Apart from their canonical role in thrombosis and hemostasis, platelets amplify acute and chronic inflammation including atherosclerosis, and regulate the development and remodeling of blood and lymph vessels in health and disease. In this issue of Blood, Lievens and colleagues show evidence that activated platelets expressing CD40L promote atherogenesis and inflammation at least in part by mitigating the natural response to recruit immunomodulatory Tregs.1 

Mounting evidence indicates a pivotal role for regulatory T cells (Tregs; generally identified by positive expression of CD4, CD25, and FoxP3) in balancing inflammation and autoimmune disease via actively suppressing pathogenic immune activation (Th1, Th2, Th17, CTL) and maintaining immune tolerance.2  Although present approximately 1% to 2% in whole blood, they are actively recruited to inflammatory sites via various chemokines including CCL2 and CCL5.2  In addition, in atherosclerosis (ie, a chronic inflammatory disease of the vessel wall caused by progressive accumulation of lipids), various groups have shown an inverse relationship between the presence of Tregs versus atherosclerotic plaque growth, and even the induction of a “stable plaque” phenotype characterized by reduced inflammatory cell infiltration and increased plaque fibrosis.3,4  The latter is clinically important, as such stable plaques would prevent plaque rupture thereby reducing the associated life-threatening risk of thrombo-occlusive/ embolic stroke and myocardial infarction.5 

CD40 ligand (CD40L; CD154) is a transmembrane glycoprotein and member of the tumor necrosis factor (TNF) family. While existing in a membrane-bound and soluble form, CD40L can bind upon trimerization to its classical receptor CD40 leading—via TNF receptor–associated factor (TRAF) adaptor proteins—to intracellular signaling and transcriptional activation, but CD40L also signals by binding noncanonical receptors including integrins (reviewed in Seijkens et al6 ). Primarily known for its role as a costimulator of T-cell activation, it became clear that CD40L is also functionally expressed on several other hematopoietic and nonhematopoietic cell types including platelets and endothelial cells.6  In atherosclerosis, various groups showed that inhibition or genetic deletion of CD40L in mice reduced the growth of newly formed as well as established plaques, and promoted the acquisition of a stable plaque phenotype.7,8  Given the broad expression of CD40L on several cell types relevant in atherosclerosis, it seems important to identify the proatherogenic role of CD40L in a cell-type–specific manner.

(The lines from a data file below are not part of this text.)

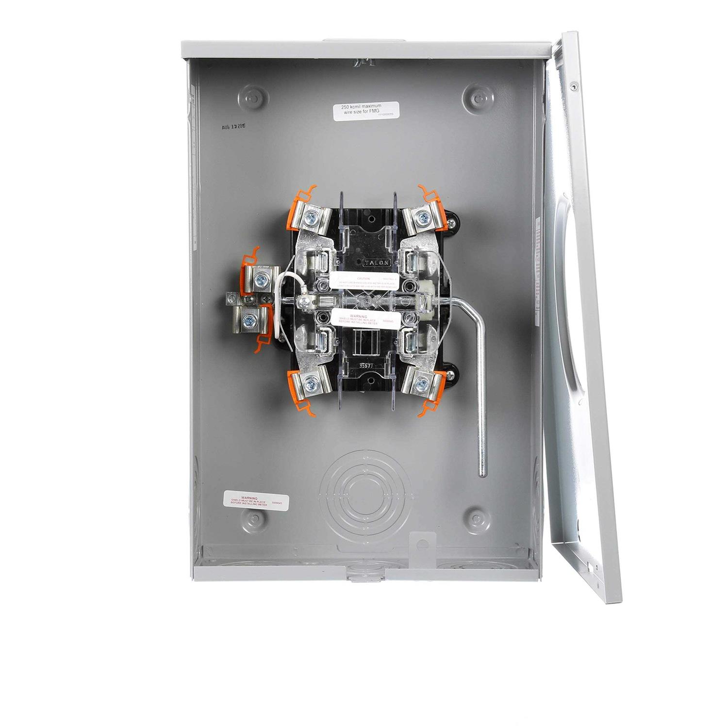 The Siemens 200 Amp Lever-Bypass Overhead/Underground Meter Socket comes with 350mcm lay-in lugs, a ground lug and a factory-installed fifth jaw. Designed to accommodate either overhead or underground service entrance feeds, this meter socket has a powder-coated paint finish and is UL listed and ANSI certified for safety.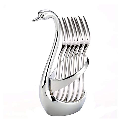 Swan Base Dinnerware Set, Stainless Steel Fruit/Dessert Flatware Set for 7-1 Cygnus Storage Shelf with 6 Forks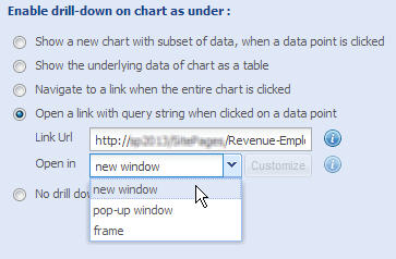 This is a smart drill-down feature that allows you to open a web page and pass certain parameters with the URL when someone clicks on a data point in your chart.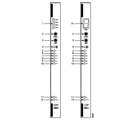 The SDP synchronous data PAD card is installed in a front slot that has an SDP or UB-240 utility bus and an SDI back card. The SDI back card provides the proper data channel interface. The faceplate of the SDP/LDP has message lights and control buttons for loopback control and signal monitoring.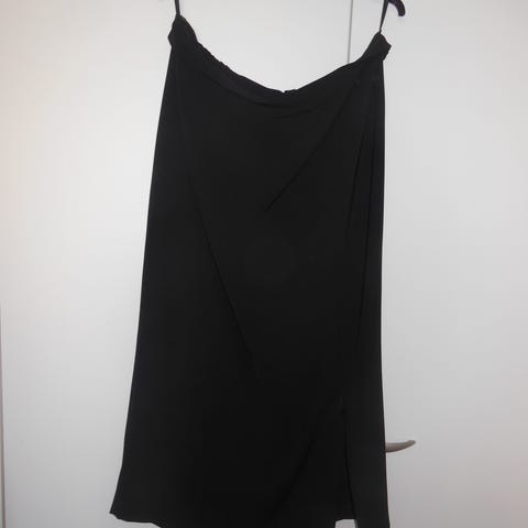 Puolihame musta vuorella, pituus n.52cm, vyötärö n.73cm. Vyötäröllä kuminauha. Kapea malli. Pari kertaa juhlissa käytetty.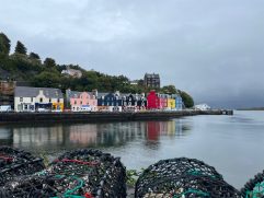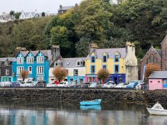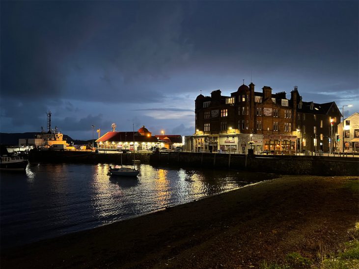 Um 5 Uhr bin ich das erste Mal wach geworden und habe leider wieder direkt meinen Rücken gespürt. Ich hatte nach dem gestrigen Tag eigentlich gehofft, es sei wieder besser. Aber möglicherweise braucht es seine Zeit. Zwei Stunden später gab es dann den ersten Kaffee und kurze Zeit später haben wir uns fertig gemacht. Ein Blick aus dem Fenster reichte aber schon um zu wissen, was uns heute erwartet. Um 8:15 Uhr sind wir im Regen runter zum Hafen gelaufen. Wir hatten für das Frühstück etwas mehr Zeit eingeplant. Wer weiß denn schon, was dort los sein würde. Am Ende war die ganze Planung für die Katz. Im Corryvreckan war gar nichts los und so hatten wir noch massig Zeit. Die Fähre um 9:55 Uhr wiederum war sehr voll und so mussten wie ewig Schlange stehen, um an Bord zu gelangen. Aber wir hatten schnell einen Sitzplatz und die knapp einstündige Überfahrt zur Isle of Mull verlief ohne Probleme. Da es bei unserer Ankunft wieder in Strömen gegossen hat, haben wir uns spontan für den Bus nach Tobermory entschieden. Im Vergleich zur Fähre war der Bus richtig teuer und da es auch in Tobermory fast durchgehend geregnet hat sind wir uns noch nicht einmal einig, ob sich der Besuch gelohnt hat. Aber man kann dem Regen ja ganz gut ausweichen, indem man in einem Pub ein Pint trinkt, in ein paar Läden reinschaut oder sich einfach mal wo unterstellt. Am Ende wurde es dann doch trocken und bei unserer Abfahrt um 14:20 Uhr auch noch sonnig. Die Sonne zeigte sich auch noch, als der Bus nach über 20 Meilen wieder Craignure (Fähranleger) erreicht hat. Wir hatten uns schnell für die nächste Fähre entschieden und sind auf eine kleinere Wanderung gegangen. Der Hinweg war super. Nur zurück haben wir es auf den letzten paar hundert Metern noch einmal richtig von oben bekommen. Wieder auf der Fähre wurde es schnell besser und so konnten wir relativ entspannt nach dem Anlegen in Oban zum Abendessen ins Cuan Mór gehen. Wir hatten sofort einen Zweiertisch und wirklich gutes Essen. Dazu noch zwei große Bier. Auf dem Heimweg die Treppen rauf zum Invercloy Guesthouse fing es wieder leicht an zu regnen. Morgen bewegen wir dann mal wieder unseren Mietwagen. Es soll Richtung Norden gehen. Fort William, Glenfinnan Viaduct, Mallaig. Das machen wir alles vom Wetter abhängig. Frühstücken werden wir irgendwo auf dem Weg dorthin. Vorher aber erst einmal ausschlafen, denn der heutige Tag war doch anstrengend.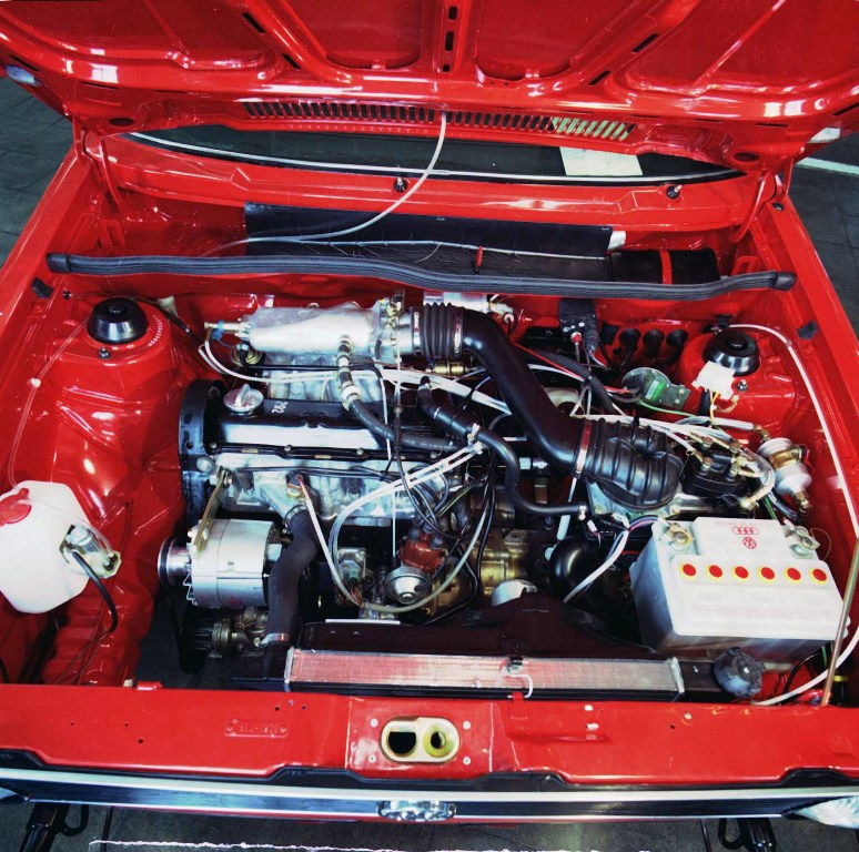El primer ‘Gran Turismo Injection’ equipaba un motor de aspiración natural y cuatro cilindros con 1.6 litros de capacidad que entregaba 110 CV a 6.100 rpm. Estaba alimentado por una inyección mecánica de combustible Bosch K-Jetronic y asociado a una transmisión manual de cuatro velocidades que más tarde sería reemplazada por una de cinco.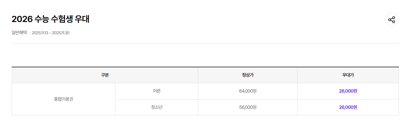 그래서 준비된 2026 수능 수험생 우대 혜택 이벤트!단 수험표 하나면 26,000원에 종합이용권을 즐길 수 있는 절호의 기회예요.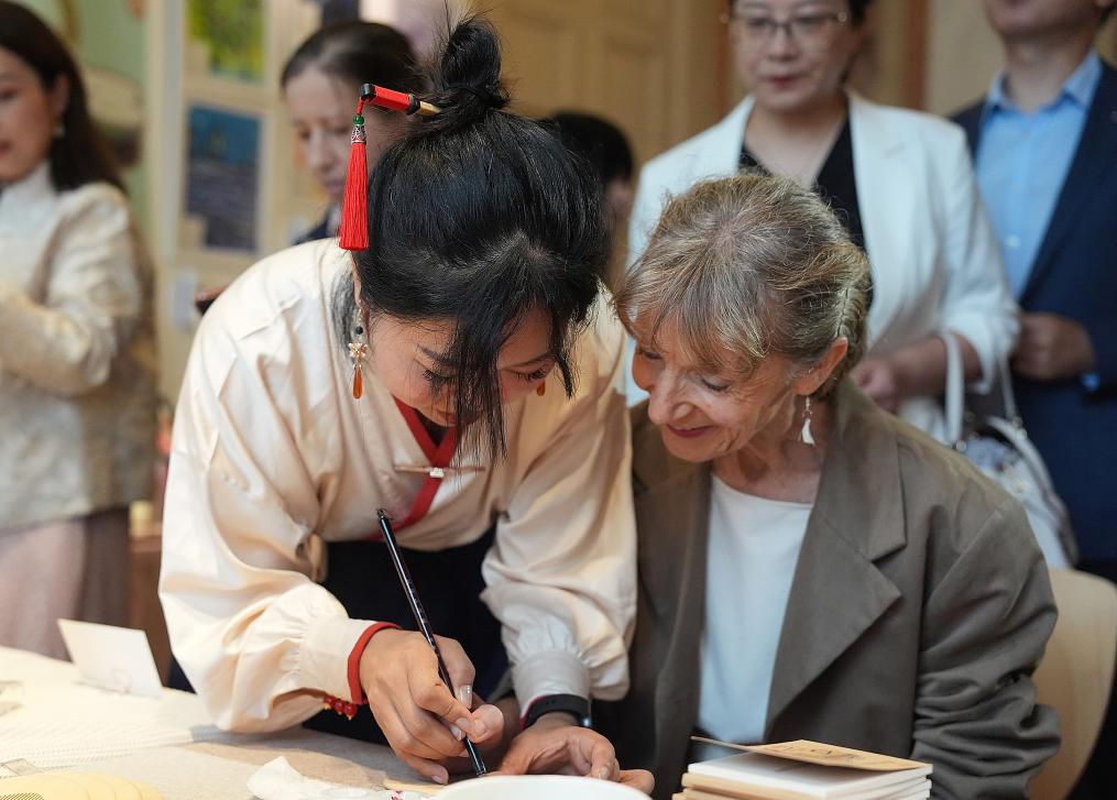 2024年9月3日,“美丽工坊 绽放巴黎”残疾妇女文创作品展在法国巴黎中国文化中心开展,一名观众体验彩绘木梳。新华社记者侯昭康 摄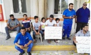 مجموعة من عمال إحدى الشركات يعتصمون مع أبنائهم للمطالبة بصرف رواتبهم المتأخرة 4 أشهر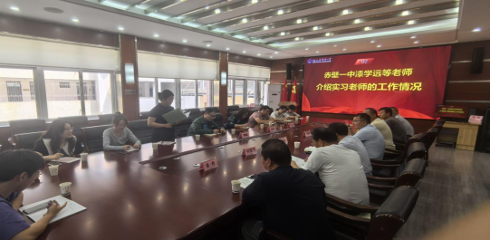 李楠鑫老师结合实习情况,对实习学生给予充分肯定,勉励她们珍惜实践机会,提升教学能力。刘海老师对赤壁一中的支持表示感谢,指出教育实习是师范生培养的重要环节,希望通过此次调研进一步优化人才培养方案,改进实习机制,促进理论与实践相结合,培养更多高素质的地理教育人才。赵丽娅副院长介绍了我校师范生培养模式、针对教育实习同参会的一线专家、老师进行深入探讨与交流,强调高校师范教育应扎实学生专业底色、提升学生实践能力,并再次表达对赤壁一中的感谢,诚邀赤壁一中各位领导专家莅临我校指导工作交流。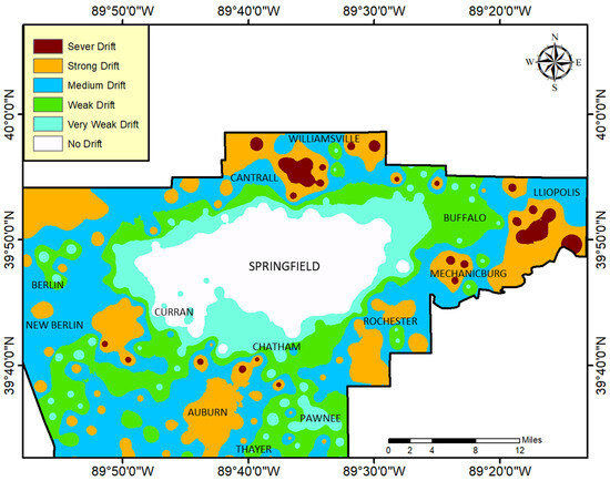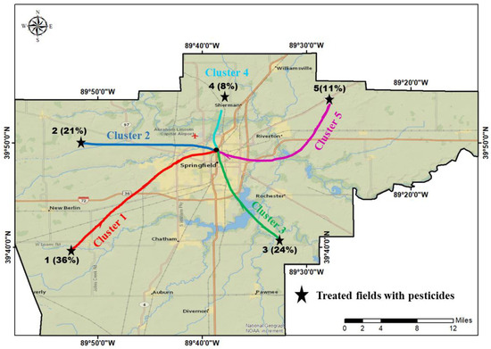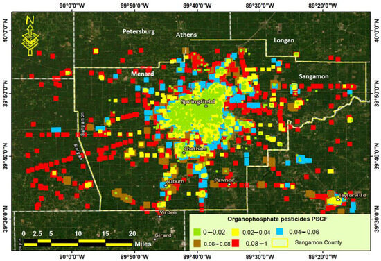 Large-scale studies focusing on the environment and health require precise measurements of pesticide exposure near crops. In previous studies, the Spraying Drifting Task Force (SDTF) regular standards were used to determine the potential risks of being exposed to pesticide drift [59,60,61]. However, the lack of an agricultural pesticide database has made it necessary to rely on comparing pesticide usage distribution with maps. To explore the impact of pesticide drift on the environment and community well-being, especially in counties that lack pesticide usage records, previous studies have used GIS and satellite imagery. Their approach and findings will be more relevant and useful at a county-wide level, such as in Sangamon County [57,58,59,60,61,62,63].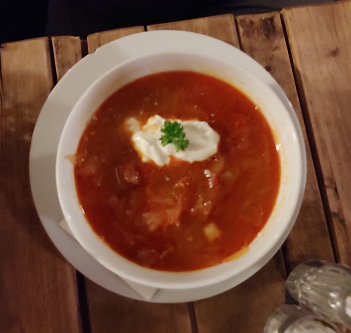 Köleves Vendeglö is a casual restaurant located in the Jewish Quarter on Kazinczy utca. The name has an interesting translation. It means “Stone Soup restaurant” I was in the area after touring the Grand Synagogue, and sought this out after reading the 2foodtrippers description. This also enabled me to walk around the quarter, which is well worth doing.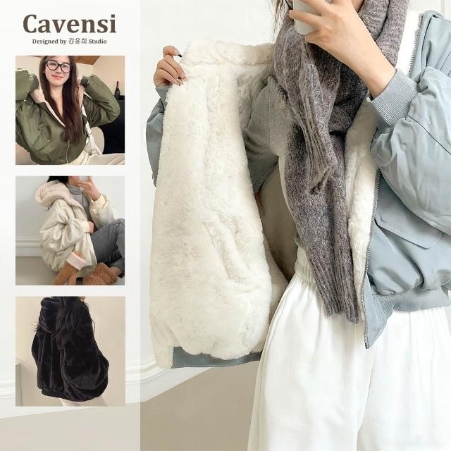 Cavensi100kg可穿 北極絨毛雙面穿 防風保暖連帽外套 加絨大尺碼外套 羽絨服 兩面穿 羊羔毛大衣 A171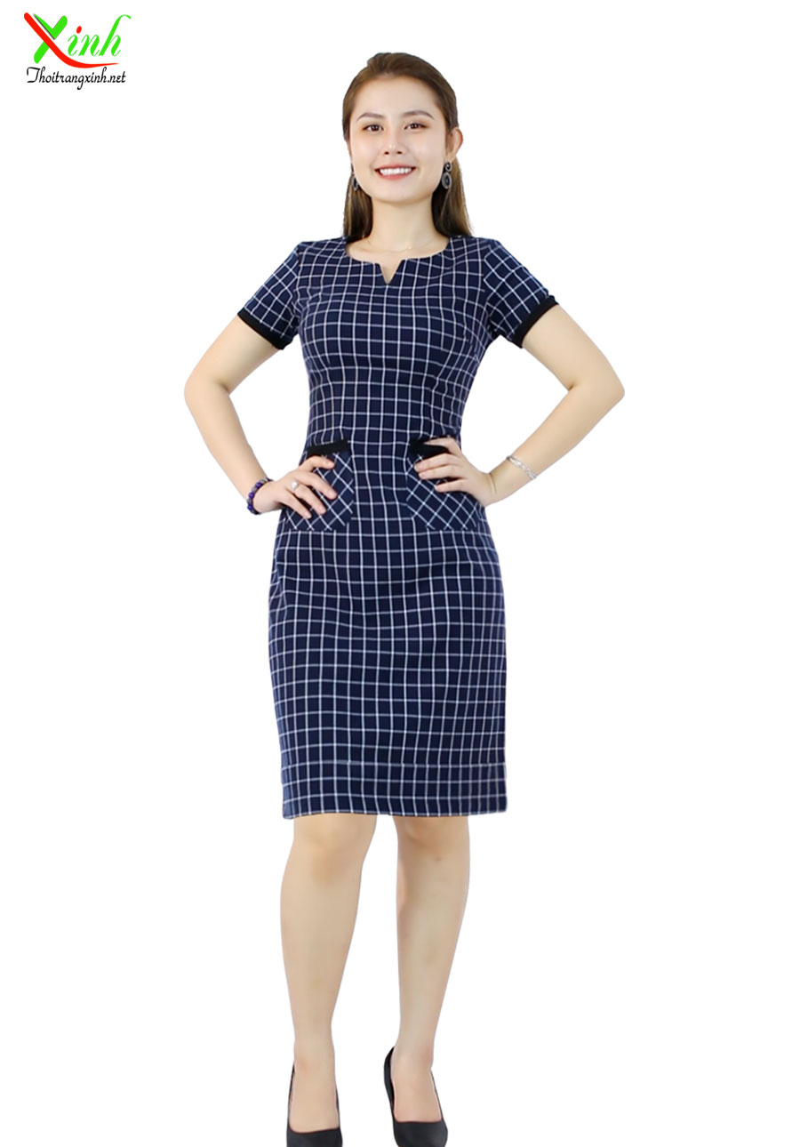 ✨Đầm suông caro công sở ThoiTrangXinh DL299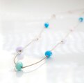 小さなガラスの雫とコットンコードのロングネックレス 「春天の花舞」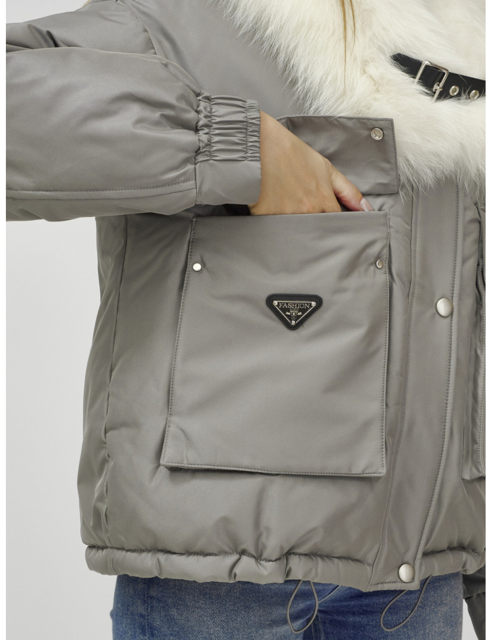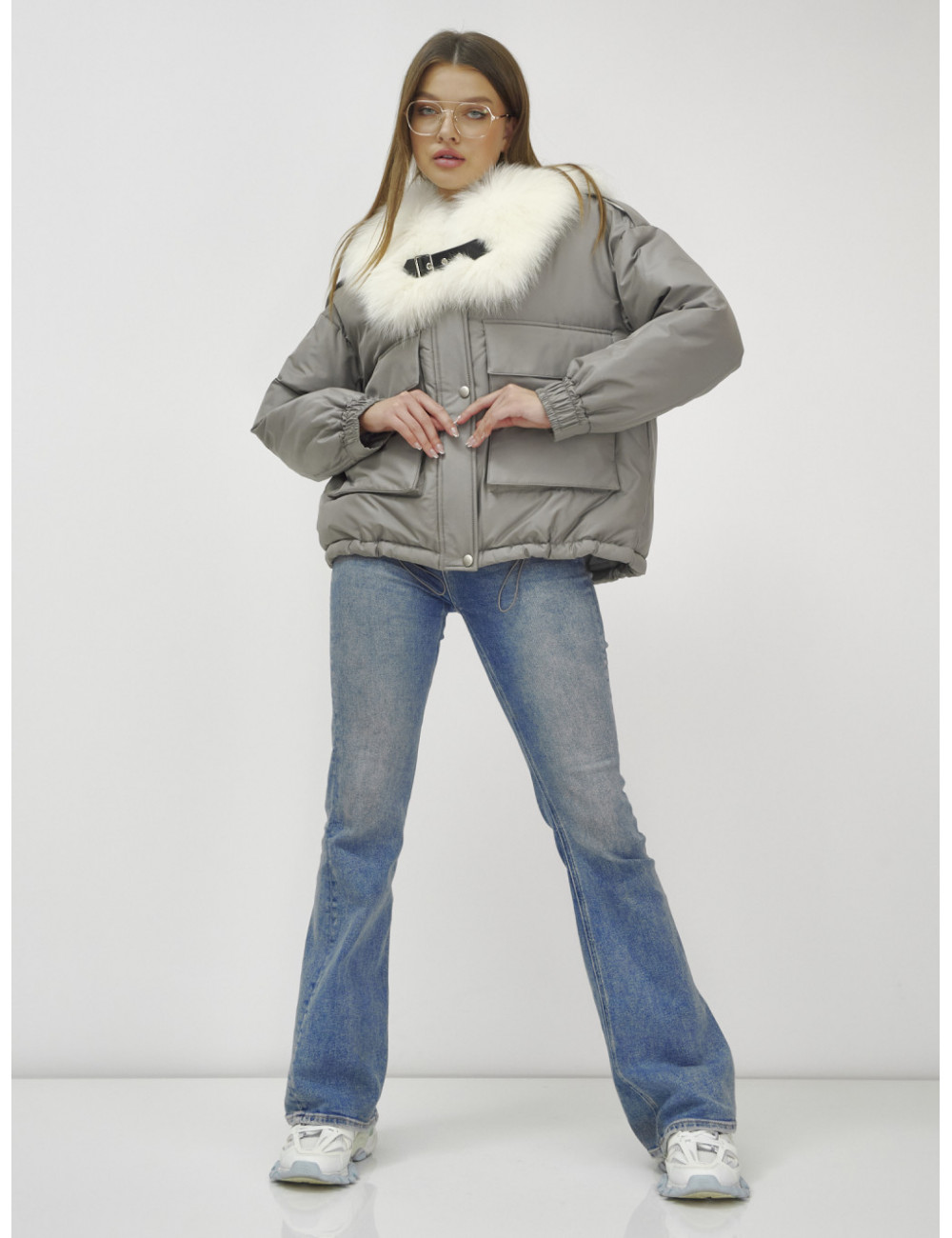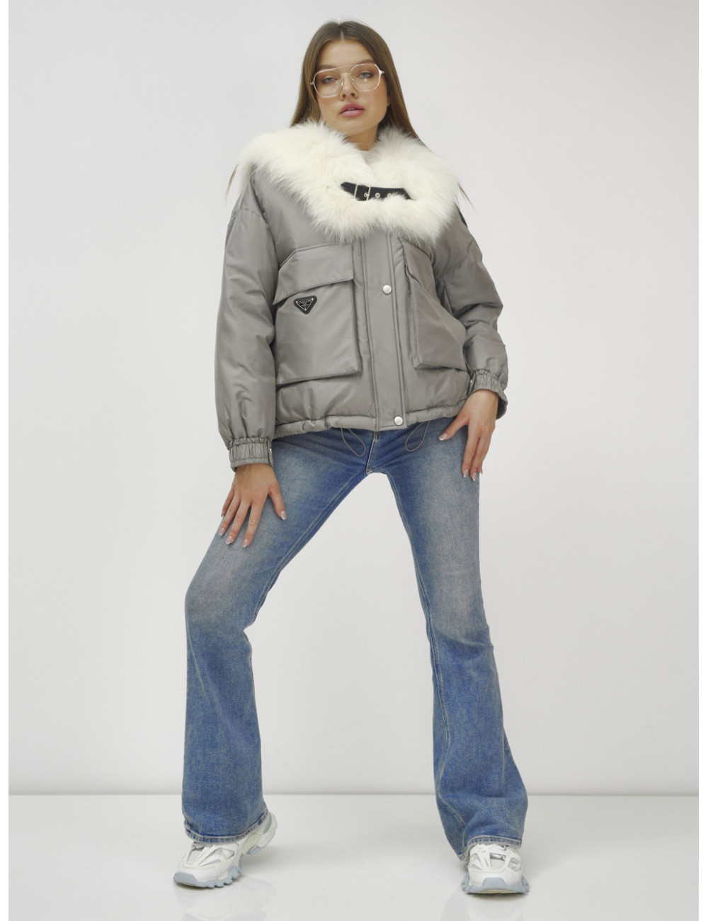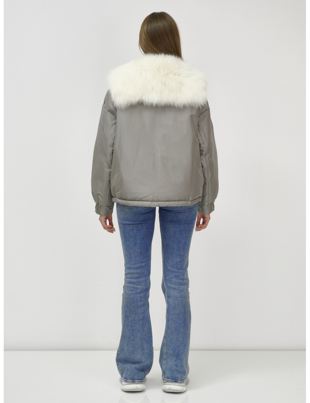 Не упустите возможность подчеркнуть свою индивидуальность и оставаться в тепле этой зимой! Доставка по Москве и Московской области Куртка-бомбер Ангел с мехом песца премиум-класса, серый.

Here, Lievens and colleagues demonstrate, in 3 laborious mouse models of atherosclerosis (early/advanced/established lesions), that repeated transfer of thrombin-activated platelets doubles plaque size in all phases, and this phenomenon is strictly dependent on CD40L expression on platelets (evidenced by using CD40L−/− platelets) in combination with the presence of natural Tregs (evidenced by using anti-CD25–depleting antibodies).1  Thus, the absence of platelet CD40L increases the number of circulating Tregs, thereby blocking plaque growth induced by activated platelets (see figure). Surprisingly, the authors found that activated CD40L+ platelets increased—not reduced—the plasma levels and endothelial deposition of CCL2, while CCL5 expression was not regulated by platelet CD40L.1  Therefore, the inverse relationship between platelet CD40L versus Tregs does not appear to be explained by unfavorable chemokine gradients. In addition, Treg function seemed unaltered as corroborated by in vitro assays and normal IL-10 plasma levels.1 

Potential effects of activated CD40L+ platelets in promoting atherosclerotic plaque growth. The endothelial cell surface can dynamically shift between pro- versus anti-inflammatory states. Under the influence of plaque-specific chemokine gradients (eg, CCL2), activated CD40L+ platelets tip the balance toward persistent proinflammation via a “pro-inflammatory cell coating” at the luminal side of the intimal endothelial cells, by increasing (1) endothelial translocation of circulating myeloid cells without augmenting their activation; (2) formation of circulating aggregates (platelet-leukocyte aggregates [PLAs]) between platelets and myeloid cells (left side of panel); and (3) their own endothelial translocation (right side of panel). Concomitantly, activated CD40L+ platelets reduce the circulating numbers of lymphoid immunosuppressive cells (right side of panel) via humoral, subcellular, and/or heterotypic cell-cell interactions. Unidentified potential underlying mechanisms might include CD40 activation and/or TRAF2/3/5 signaling, resulting in impaired Treg formation via suppression of FoxP3/CD25 signaling and accelerated Treg apoptosis and/or clearance via CD40L-induced overstimulation. In addition, activated CD40L+ platelets could cross-activate the endothelium (center of the panel) and affect plaque infiltration of inflammatory cells and smooth muscle cells (SMCs), but these effects might be less pronounced. This proinflammatory balance, caused by activated CD40L+ platelets, might progressively promote further plaque growth by enhanced neovascularization and capillary rarefaction, likely via CD40 signaling. After plaque rupture, activated CD40L+ platelets stimulate collagen/VWF-dependent thrombus formation and stability, likely via integrin-dependent and CD40-independent pathways. (Professional illustration by Kenneth X. Probst.)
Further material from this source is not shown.